A viagem de Berliet até ao Cumeré, não obstante os receios e muita ansiedade, consolidou e confirmou toda a informação colhida através de filmes e revistas sobre África, mas agora (com todos os meus sentidos em alvoroço) com o calor, a humidade, os cheiros, os grupos de mulheres com os seus filhos às costas e seios desnudados na beira da estrada e os sons característicos de África (que nenhum filme ou revista nos proporciona), várias vezes me belisquei à espera de acordar. 

Em meia dúzia de horas, passamos do centro de Lisboa com 13 graus, para o interior da Guiné, na África profunda, com 40º.

A passagem pelo Cumeré onde fizemos a IAO (Instrução de Aperfeiçoamento Operacional), local de adaptação (fundamentalmente aos mosquitos e à rede mosquiteira) e preparação para as tarefas que nos estavam reservadas no teatro de operações, decorreu de forma tranquila.

Contudo, sentia-me anestesiado, como que vivendo um sonho e que logo pela manhãzinha acordaria na minha cama, no verde Minho, como sempre ouvindo os cães, os galos e os pardais.

Não era propriamente um pesadelo, de onde queria muito sair, acordando. Por estranho que pareça tudo fazia para prolongar o sono, pois que me sentia inebriado pelo calor, que me agradava, pelos cheiros que inalava com sofreguidão, com os sons que me soavam a música melancólica e doce.

E que dizer das gentes? Diferentes, mas desconcertantes na sua calma, como suspensos na atmosfera sem gravidade e muito, muito gentis. Ainda hoje me vem à memória as crianças, que quase habitavam o quartel, rodeando-nos entusiasmadas com a chegada dos novos inquilinos.

Parecia a peça que faltava para o quadro ser perfeito, infelizmente logo contrariado pela sofreguidão com que comiam as bolachas que lhe davamos,  denunciando tudo o que não queríamos ver e confirmado pela fila que faziam, cada um com a sua lata na mão, à espera das sobras da cozinha...

Ainda hoje não encontro explicação para o facto de toda aquela miudagem, com 2 dias de Cumeré nos tratarem pelo nosso próprio nome!!!

Passados os 15 dias de adaptação e após o discurso de boas vindas de Spínola (menos dramático do que o do Sargento Redondeiro em Portalegre), lá chegou a hora da verdade com o embarque, numa LDG (Lancha de Desembarque Grande), rio acima (grande Fausto, uma obra prima este LP - Esta viagem está ao nível das muitas descritas por Fernão Mendes (M)Pinto na Peregrinação)...

E lá fomos até Buba, com a companhia de alguns elementos da população local que se faziam acompanhar com toda a “família”, nomeadamente: cabras, galinhas, porcos, etc.,

Em Buba (local deslumbrante. ideal para umas boas férias) lá subimos para as Bierliets que nos conduziram, em coluna, até ao nosso destino:  Aldeia Formosa (hoje Quebo).

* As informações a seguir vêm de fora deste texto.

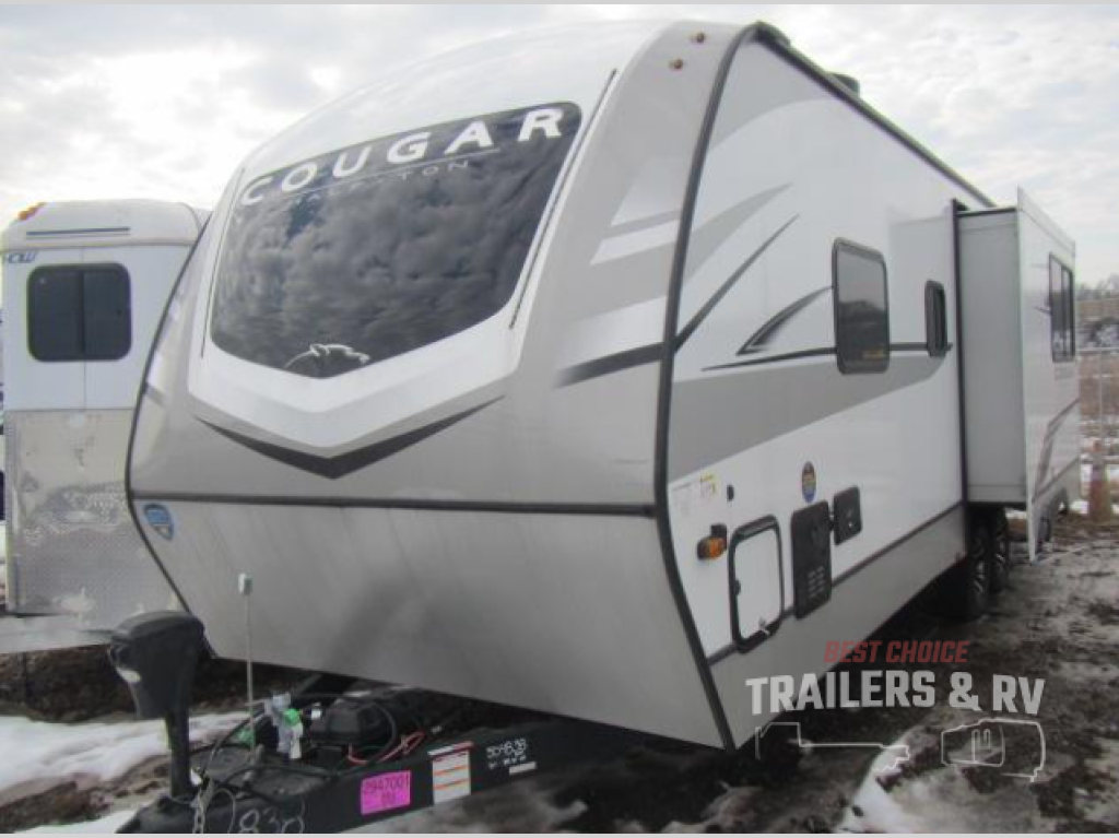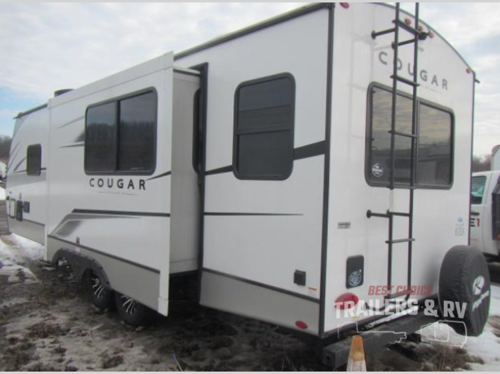 The Keystone Cougar Half-Ton fifth wheel and travel trailers are known as one of America's favorites for a reason! Some of those reasons are the exclusive features that come from Keystone, like the Winegard Air 360+ omni-directional rooftop antenna, the in-floor heating ducts, and the Hyper Deck flooring. The Cougar Half-Ton has a Climate Guard protection package to keep you safe during inclement weather, along with two roof attic vents, PEX plumbing and more. Use the 21" Furrion range with Piezo ignition to create all of those familiar meals from home, and enjoy endless hot showers with the Girard tankless on-demand water heater!

Esta coluna, que se realizava, creio que semanalmente, tinha como função principal o transito de militares e o abastecimento de todos os produtos, alimentícios, e outros, para toda a região de Aldeia Formosa.

Era uma picada difícil de vencer, em particular na época das chuvas, onde religiosamente avariava sempre uma ou duas viaturas, mas que nunca ficavam para trás (homens e máquinas o mesmo lema!), implicando uma viagem de um dia para vencer umas dezenas de quilómetros.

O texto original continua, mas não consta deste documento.